# Your goal:
Take the material below and reproduce, word for word, only the lines from the line with "En Brasil, el" through the line with "Durant les darreres".

# Recorded information:
========

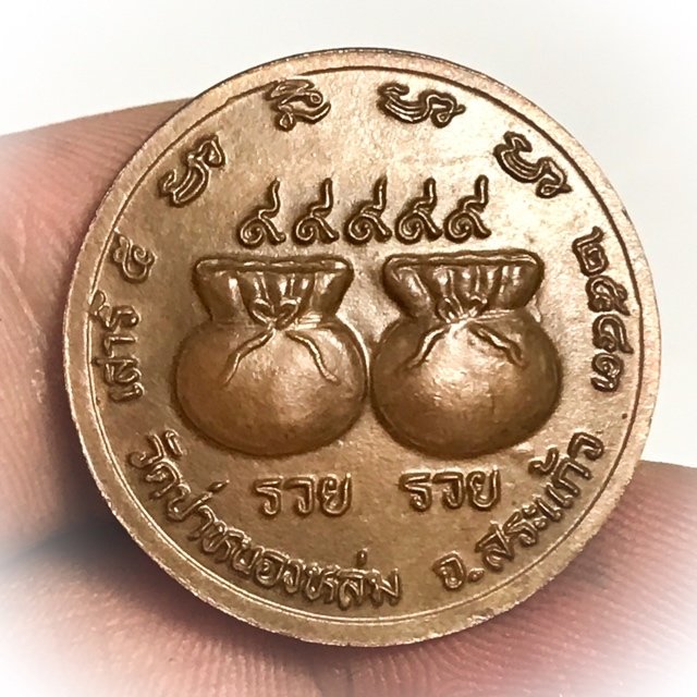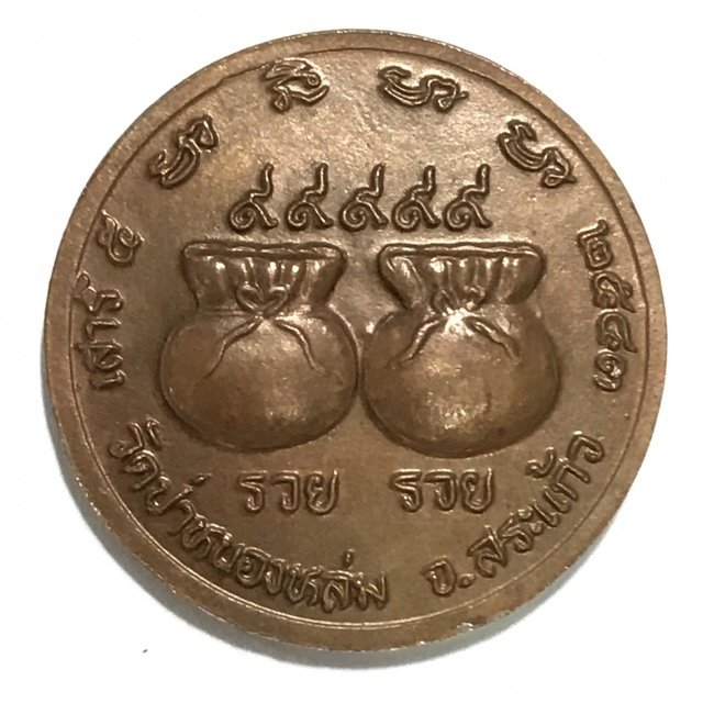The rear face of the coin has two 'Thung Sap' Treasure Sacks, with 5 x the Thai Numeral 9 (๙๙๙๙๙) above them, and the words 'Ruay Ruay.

========

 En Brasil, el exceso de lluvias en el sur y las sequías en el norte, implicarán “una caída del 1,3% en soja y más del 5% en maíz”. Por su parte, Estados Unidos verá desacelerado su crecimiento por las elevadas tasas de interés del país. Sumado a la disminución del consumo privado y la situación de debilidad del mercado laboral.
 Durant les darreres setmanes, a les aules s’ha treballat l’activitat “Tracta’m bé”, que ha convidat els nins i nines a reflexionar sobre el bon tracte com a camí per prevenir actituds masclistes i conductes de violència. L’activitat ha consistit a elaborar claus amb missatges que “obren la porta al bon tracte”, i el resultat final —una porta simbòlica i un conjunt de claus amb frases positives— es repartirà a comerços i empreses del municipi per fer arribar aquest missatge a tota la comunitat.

========

# Task result:
 En Brasil, el exceso de lluvias en el sur y las sequías en el norte, implicarán “una caída del 1,3% en soja y más del 5% en maíz”. Por su parte, Estados Unidos verá desacelerado su crecimiento por las elevadas tasas de interés del país. Sumado a la disminución del consumo privado y la situación de debilidad del mercado laboral.
 Durant les darreres setmanes, a les aules s’ha treballat l’activitat “Tracta’m bé”, que ha convidat els nins i nines a reflexionar sobre el bon tracte com a camí per prevenir actituds masclistes i conductes de violència. L’activitat ha consistit a elaborar claus amb missatges que “obren la porta al bon tracte”, i el resultat final —una porta simbòlica i un conjunt de claus amb frases positives— es repartirà a comerços i empreses del municipi per fer arribar aquest missatge a tota la comunitat.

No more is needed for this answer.